Dead wood-dependent organisms (saproxylics) are mainly thought to be associated with woodland habitats, but little is known concerning the effect of the tree habitats on saproxylic biota in open landscapes (Jonsell 2012). Autecological studies have indicated that non-woodland habitats, such as solitary trees or avenues, might also prove to be beneficial for threatened saproxylic beetles (Chiari et al. 2012; Horak et al. 2012). Remnants of woody vegetation are frequently investigated as they are often inhabited by species-rich communities (Bailey et al. 2010). Traditional orchards are remnants of past land use and are typical artificial habitats (Horak et al. 2013) that can serve as a refuge for many species as a result of their low-intensity management and high heterogeneity (Alexander 2008). Orchards were once widespread in Europe, but difficulties regarding their management and increasing urbanization have led to the deterioration of continuous orchard landscapes (Bailey et al. 2010).

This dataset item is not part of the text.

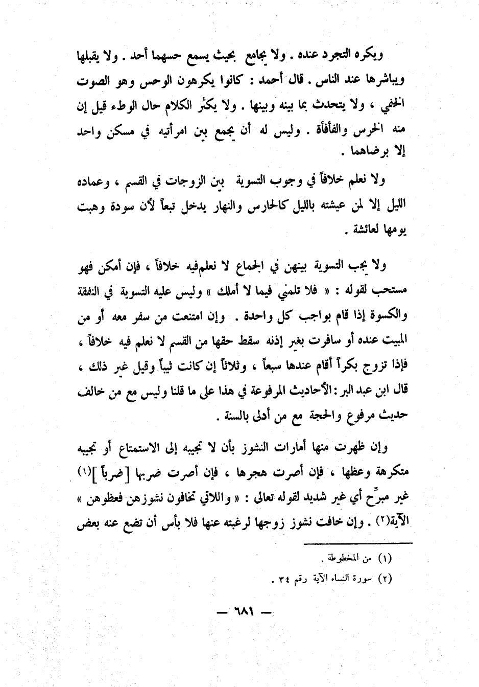ولا نعلم خلافاً في وجوب التسوية بين الزوجات في القسم، وعماده الليل، إلا لمن عيشته بالليل كالحارس، والنهار يدخل تبعاً "لأن سودة وهبت يومها لعائشة". ولا يجب التسوية بينهن في الجماع، لا نعلم فيه خلافاً، فإن أمكن فهو مستحب، لقوله: "فلا تلمني فيما لا أملك". 1 وليس عليه التسوية في النفقة والكسوة إذا قام بواجب كل واحدة. وإن امتنعت من سفر معه، أو من المبيت عنده، أو سافرت بغير إذنه، سقط حقها من القسم، لا نعلم فيه خلافاً. فإذا تزوج بكراً أقام عندها سبعاً، وثلاثاً إن كانت ثيباً، وقيل غير ذلك. قال ابن عبد البر: الأحاديث المرفوعة في هذا على ما قلنا، وليس مع من خالف حديث مرفوع، والحجة مع من أدلى بالسنة.

One of the main explanations for the decline of many saproxylic species might be a lack of open forest habitats with the presence of sun-exposed dead wood (Horak et al. 2012; Widerberg et al. 2012). The repression of natural disturbances is suggested to be one of the main reasons for the recent unfavourable status of saproxylic biota in forests. Disturbances open the forest, connect it with the non-forest landscape, and are the main factors that create sun-exposed dead wood (Ranius and Jansson 2000; Lindhe et al. 2005). Nevertheless, disturbances might be mimicked using active management (Franc and Götmark 2008). The general decrease in old growth deciduous forest stands poses the main threat to the existing saproxylic fauna in temperate woodlands (Widerberg et al. 2012). It is known that modern forest management should pay more attention to open forest stands, because open and semi-open stands connected with scattered trees and other tree habitats (such as fruit orchards) appear to be key landscape structures, particularly for saproxylic beetles (Horak et al. 2012, 2014; Jonsell 2012).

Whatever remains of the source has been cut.